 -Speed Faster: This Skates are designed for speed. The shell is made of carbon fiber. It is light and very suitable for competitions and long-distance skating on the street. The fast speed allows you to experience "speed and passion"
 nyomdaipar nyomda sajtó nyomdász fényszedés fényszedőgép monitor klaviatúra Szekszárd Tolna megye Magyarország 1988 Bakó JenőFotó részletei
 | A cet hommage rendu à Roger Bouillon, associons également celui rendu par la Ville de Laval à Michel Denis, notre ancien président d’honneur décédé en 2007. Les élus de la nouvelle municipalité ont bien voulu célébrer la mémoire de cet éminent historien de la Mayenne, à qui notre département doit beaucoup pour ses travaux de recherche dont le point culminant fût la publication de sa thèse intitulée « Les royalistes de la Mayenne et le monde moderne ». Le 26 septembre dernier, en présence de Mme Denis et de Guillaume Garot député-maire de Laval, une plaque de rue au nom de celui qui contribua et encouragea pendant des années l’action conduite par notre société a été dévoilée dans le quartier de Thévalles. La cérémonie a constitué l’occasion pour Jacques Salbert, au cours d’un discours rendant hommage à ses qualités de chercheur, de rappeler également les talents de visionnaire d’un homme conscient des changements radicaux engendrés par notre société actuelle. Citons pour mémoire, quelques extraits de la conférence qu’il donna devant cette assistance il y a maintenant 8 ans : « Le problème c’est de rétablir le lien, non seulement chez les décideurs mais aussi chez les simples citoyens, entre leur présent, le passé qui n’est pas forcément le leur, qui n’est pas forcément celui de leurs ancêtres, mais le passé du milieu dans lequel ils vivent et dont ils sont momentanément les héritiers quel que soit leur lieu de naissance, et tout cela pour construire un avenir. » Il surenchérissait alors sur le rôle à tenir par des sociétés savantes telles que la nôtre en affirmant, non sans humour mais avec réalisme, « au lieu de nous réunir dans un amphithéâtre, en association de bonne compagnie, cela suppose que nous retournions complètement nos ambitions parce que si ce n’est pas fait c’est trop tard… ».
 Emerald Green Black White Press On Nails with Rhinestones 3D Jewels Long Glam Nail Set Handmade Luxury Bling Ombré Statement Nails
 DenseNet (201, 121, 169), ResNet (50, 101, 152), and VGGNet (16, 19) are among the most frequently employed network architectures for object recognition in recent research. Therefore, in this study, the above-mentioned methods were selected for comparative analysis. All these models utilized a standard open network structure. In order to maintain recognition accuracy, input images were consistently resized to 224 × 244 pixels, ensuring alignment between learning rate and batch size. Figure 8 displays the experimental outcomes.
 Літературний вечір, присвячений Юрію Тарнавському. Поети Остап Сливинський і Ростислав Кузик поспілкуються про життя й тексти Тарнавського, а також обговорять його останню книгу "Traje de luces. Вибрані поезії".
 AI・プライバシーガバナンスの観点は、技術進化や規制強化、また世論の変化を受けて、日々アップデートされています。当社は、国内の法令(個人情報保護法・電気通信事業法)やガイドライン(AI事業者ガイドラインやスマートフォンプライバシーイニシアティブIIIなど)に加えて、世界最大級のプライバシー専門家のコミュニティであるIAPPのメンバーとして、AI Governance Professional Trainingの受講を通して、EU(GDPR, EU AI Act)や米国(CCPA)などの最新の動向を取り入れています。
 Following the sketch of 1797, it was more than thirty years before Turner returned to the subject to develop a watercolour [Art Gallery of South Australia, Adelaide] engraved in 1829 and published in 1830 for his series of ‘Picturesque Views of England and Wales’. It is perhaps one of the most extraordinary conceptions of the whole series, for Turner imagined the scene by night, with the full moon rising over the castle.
...
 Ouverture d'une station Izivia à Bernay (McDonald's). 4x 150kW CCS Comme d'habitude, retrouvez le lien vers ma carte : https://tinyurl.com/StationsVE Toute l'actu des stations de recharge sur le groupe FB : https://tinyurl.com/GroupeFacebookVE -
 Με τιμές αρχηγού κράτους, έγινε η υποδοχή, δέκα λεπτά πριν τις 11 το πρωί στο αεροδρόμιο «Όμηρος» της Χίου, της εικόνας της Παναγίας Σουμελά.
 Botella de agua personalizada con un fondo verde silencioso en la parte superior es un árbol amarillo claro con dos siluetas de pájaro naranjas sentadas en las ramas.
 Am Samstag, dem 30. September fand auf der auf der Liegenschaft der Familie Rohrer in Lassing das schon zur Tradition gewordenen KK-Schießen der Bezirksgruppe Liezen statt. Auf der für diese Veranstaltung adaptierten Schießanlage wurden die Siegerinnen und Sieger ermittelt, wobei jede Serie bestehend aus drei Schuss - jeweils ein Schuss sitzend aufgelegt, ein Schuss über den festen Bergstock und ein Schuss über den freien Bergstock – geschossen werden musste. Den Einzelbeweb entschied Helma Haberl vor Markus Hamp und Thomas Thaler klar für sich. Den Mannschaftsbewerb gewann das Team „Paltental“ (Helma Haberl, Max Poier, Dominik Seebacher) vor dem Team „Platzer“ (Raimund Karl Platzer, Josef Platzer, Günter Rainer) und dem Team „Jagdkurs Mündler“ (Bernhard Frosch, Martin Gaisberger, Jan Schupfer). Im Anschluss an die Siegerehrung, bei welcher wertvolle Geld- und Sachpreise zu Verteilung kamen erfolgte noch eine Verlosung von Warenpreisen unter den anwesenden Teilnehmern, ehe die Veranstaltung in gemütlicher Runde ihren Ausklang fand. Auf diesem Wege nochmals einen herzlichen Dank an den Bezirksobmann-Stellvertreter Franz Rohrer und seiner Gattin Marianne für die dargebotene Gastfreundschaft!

* [What the task asks]: In the entries above, the lines from the one bearing "-Speed Faster: This" up to and including the one bearing "nyomdaipar nyomda sajtó" should be transcribed exactly; no other line is wanted.

* [Expected output]:
 -Speed Faster: This Skates are designed for speed. The shell is made of carbon fiber. It is light and very suitable for competitions and long-distance skating on the street. The fast speed allows you to experience "speed and passion"
 nyomdaipar nyomda sajtó nyomdász fényszedés fényszedőgép monitor klaviatúra Szekszárd Tolna megye Magyarország 1988 Bakó JenőFotó részletei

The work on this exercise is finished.